What follows is based on my experience and that of others with the three species of bears in North America; brown/grizzly bears, North American black bears, and polar bears. Brown bears and polar bears are of course found in Europe and Asia as well as North America, and Asian black bears have many similarities to those in North America. My hope, then, is that this information will prove relevant to a wide audience. In addition to feedback concerning the bears covered, I am interested in readers’ thoughts about how the information that follows pertains to other bear species.

In what follows, I will first flesh out of my advice to seek out the guidance of experts, and to continue to do so for as long as spending time in bear country is a part of your life. Bear safety researchers continue to expand and refine the available knowledge and practical advice.

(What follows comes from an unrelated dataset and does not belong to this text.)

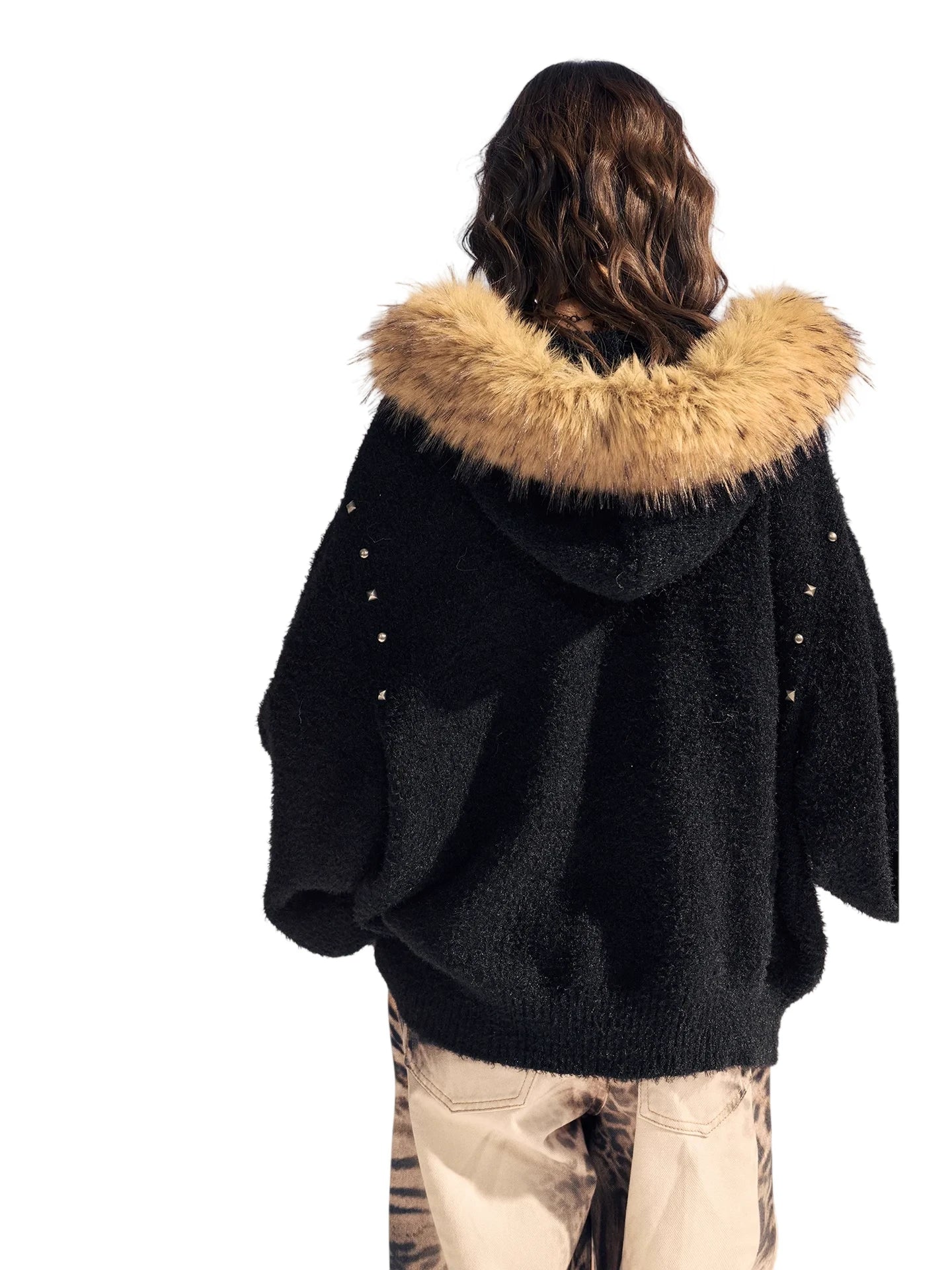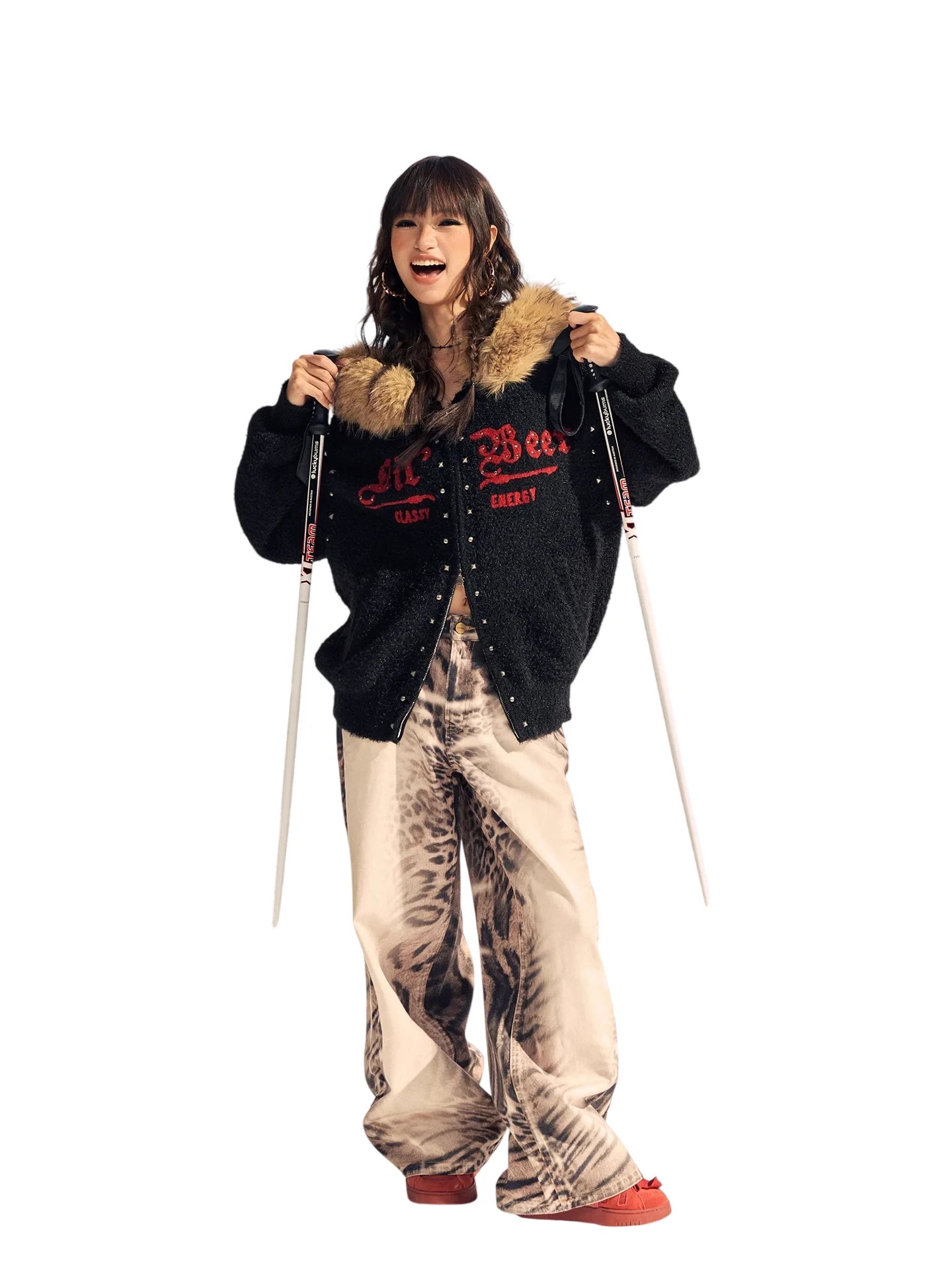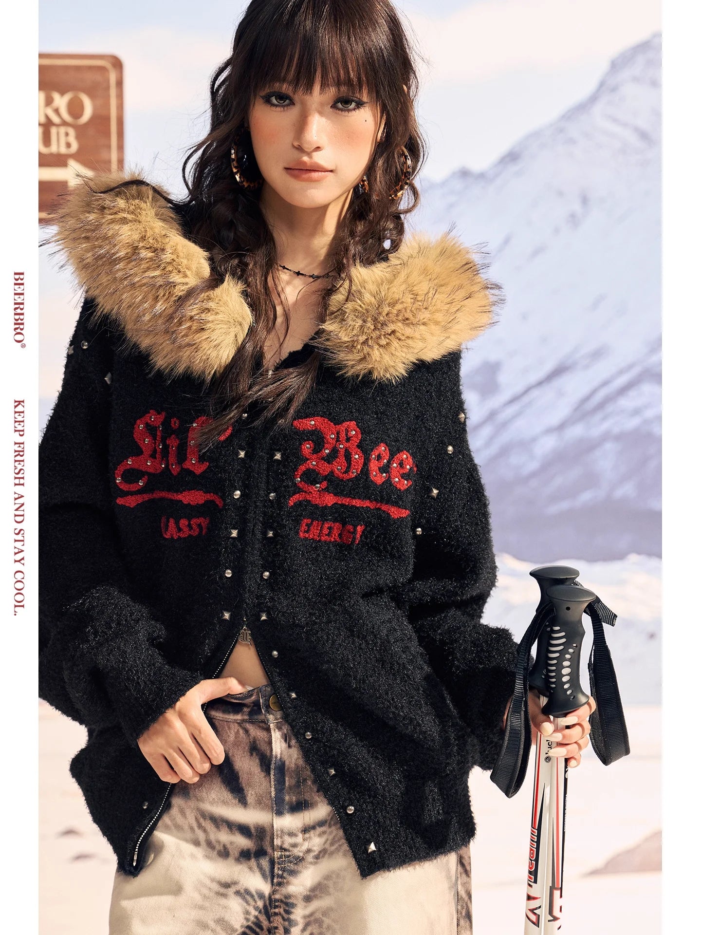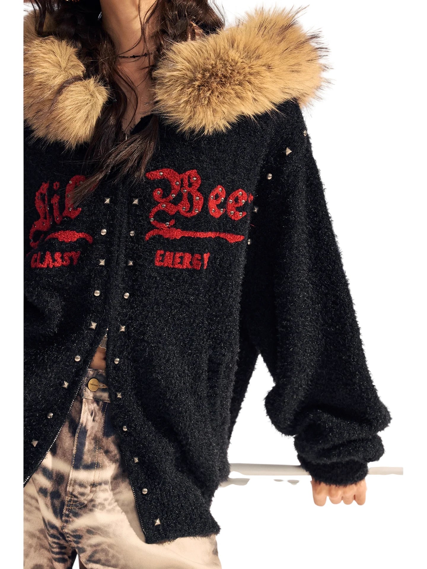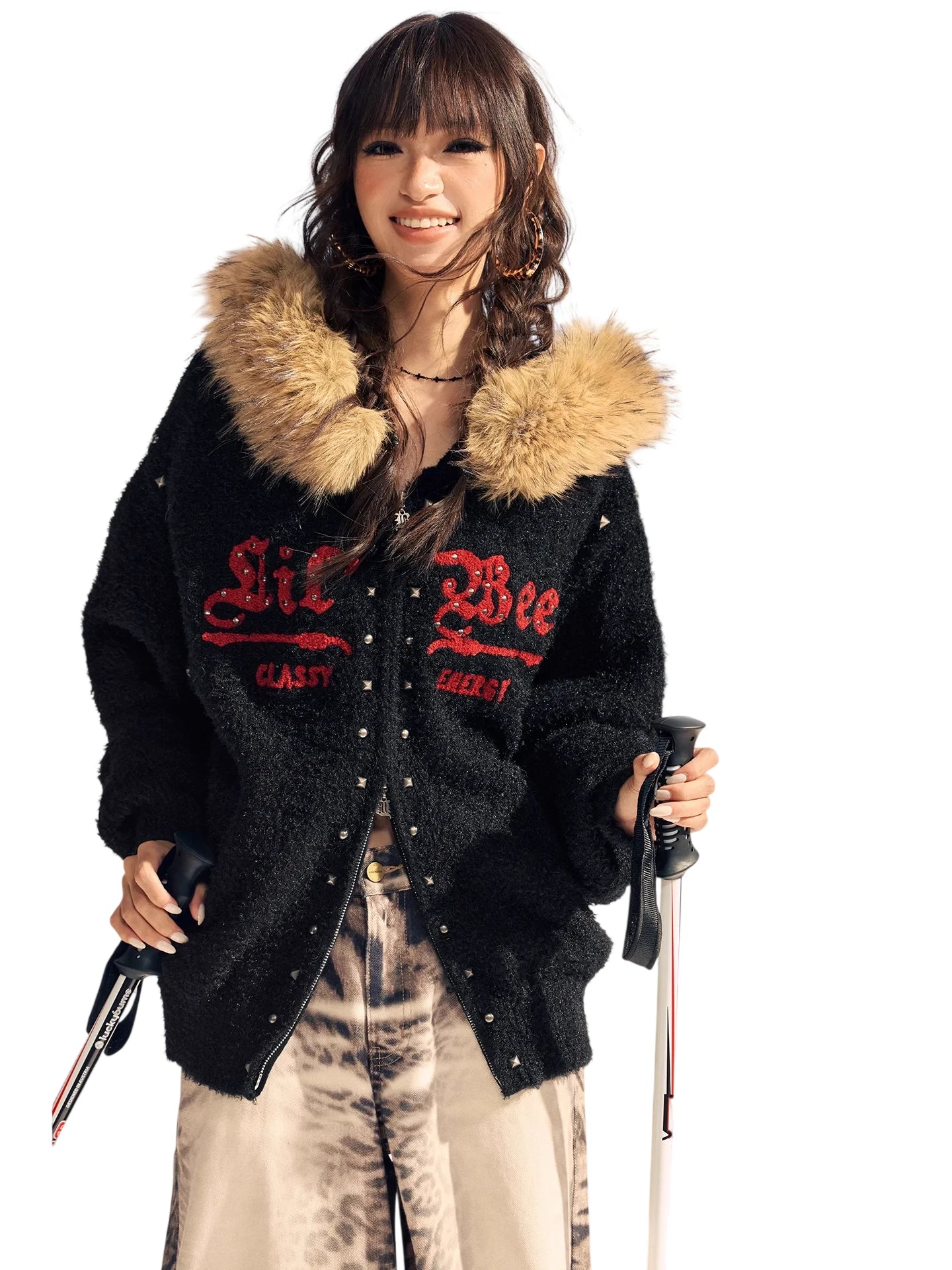 Stay warm and stylish with this comfortable fleece jacket designed for women. Made from soft cotton material, it features a cozy light brown faux fur collar for added warmth and texture. The black jacket showcases decorative metallic studs and red embroidered details with the words "Lil Bee," "LASTY," and "CHERRY" for a unique aesthetic. With its loose-fitting, button-down design, this jacket is perfect for cold-weather adventures and outdoor settings.
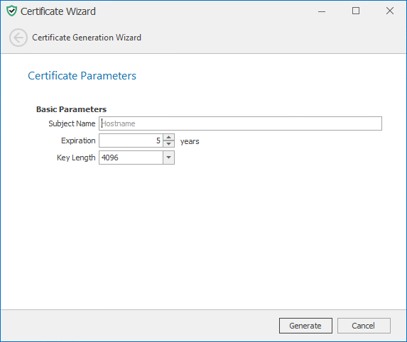 File Name: The default name and path of the certificate to be generated. If you choose, you can modify the name and path.

I will then emphasize certain aspects of the standard advice and offer some tips of my own that I think are most relevant to the needs of visual artists. In no way is this intended as an authoritative, final word on the subject. My hope is to help initiate an ongoing discussion of bear safety among visual artists who share the privilege of venturing into bear country on a regular basis.

Carl Ramm

Carl Ramm is an artist/naturalist who has spent most of his life in Alaska, following a childhood in south Alabama. He and his wife Susan currently live far from the contiguous road system in the village of King Salmon on the Alaska Peninsula.